# BFs Emotional Affair is driving me crazy



## MJ3 (Dec 9, 2013)

My bf of 8 years brokeup with me when I wanted to confront him about a girl (S) he had started showing interest in lately (they had exchanged about 200+ emails in 10 days). We havnt spoken to each other for 2 months since that day, although he occasionally emails me, to which I do not reply.

Flash back
In 2009, we had a brief breakup of four months when he was caught spending excessive amount of time chatting with a girl (M) on the net. He said he did not have sex with her and begged me to come back and even followed me to another country where I had gone holidaying. That time I asked him to cut any and all contact with M to which he agreed and promised. 

Now
Just a couple of weeks back (and after our breakup) I found out that he actually did not break any contact with this girl (M) and they have been calling, chatting, texting and meeting. I blindly trusted him for all these years and now I am very hurt and angry. I feel deceived and betrayed. 
I want to know if I should confront him on my latest discovery (about M and his secret meetings and chats) or let time take its own course.
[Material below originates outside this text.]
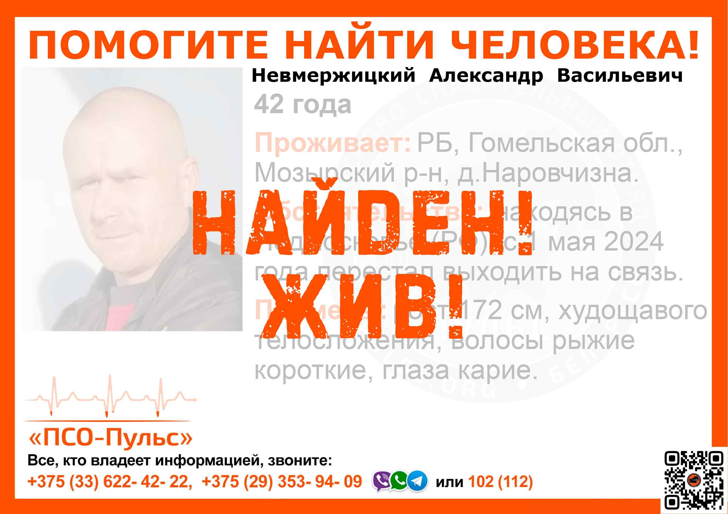 Всех, кто владеет информацией, просим сообщить: ПСО "ПСО-Пульс" +375(33)622-4222 |
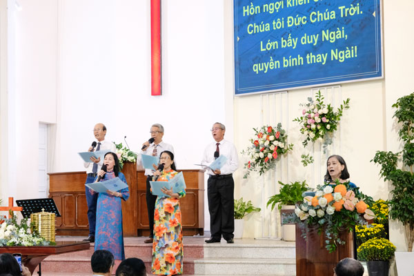 Sau lời cầu nguyện của ông Đặc trách Cao niên, tốp ca “Hãy đếm các ơn Phước Chúa ban” (Thánh ca 674) như lời nhắc nhở mỗi người nhìn lại những điều Chúa ban để hiệp lòng với Ban Cao niên cảm tạ Chúa. Trong tinh thần biết ơn,hội chúng cùng ca ngợi Chúa Thánh ca 678, tiếp theo là một đơn ca và một tốp ca nam thuộc mọi lứa tuổi được mời lên hiệp với các nam Cao niên dâng lời tạ ơn, tôn vinh Chúa Trưởng ban Cao niên, ông Huỳnh Hữu Sơn đã trình bày đôi nét sinh hoạt của Ban Cao niên và có lời cảm ơn các diễn giả đã góp phần trong năm qua.

I want to heal and move on. I have been writing and keeping a diary about my feelings, but it has not been very helpful. I sit and talk to myself, assuming he is in front of me and vent my anger and cry. Still to no avail. 
I feel I should sort this issue with him one-to-one and ask him WHY?? On the other hand I am not sure if this is the right approach. Please, I need guidance.


----------



## Keenwa (Oct 26, 2013)

Sounds to me like the best approach with him would be to move on with your life. If you go running back to him trying to "fix it", it will drive him farther away. If he has moved on, he has moved on, if he hasn't then he needs to come back to you, not the other way around.


----------



## inarut (Feb 9, 2013)

I agree that it's time to move on. What good would come from confronting him? Is there anything he could say that would make it better or ok.... NO. Would you even believe whatever he tells you you? He can't be trusted. He has proven that and there is no fixing him or that. I know it's painful and easy for me to say but finding this out now is a good thing. Don't spend anymore time on this man. Cut him off totally and focus on you. If he tries to come back send him away....
_Posted via Mobile Device_


----------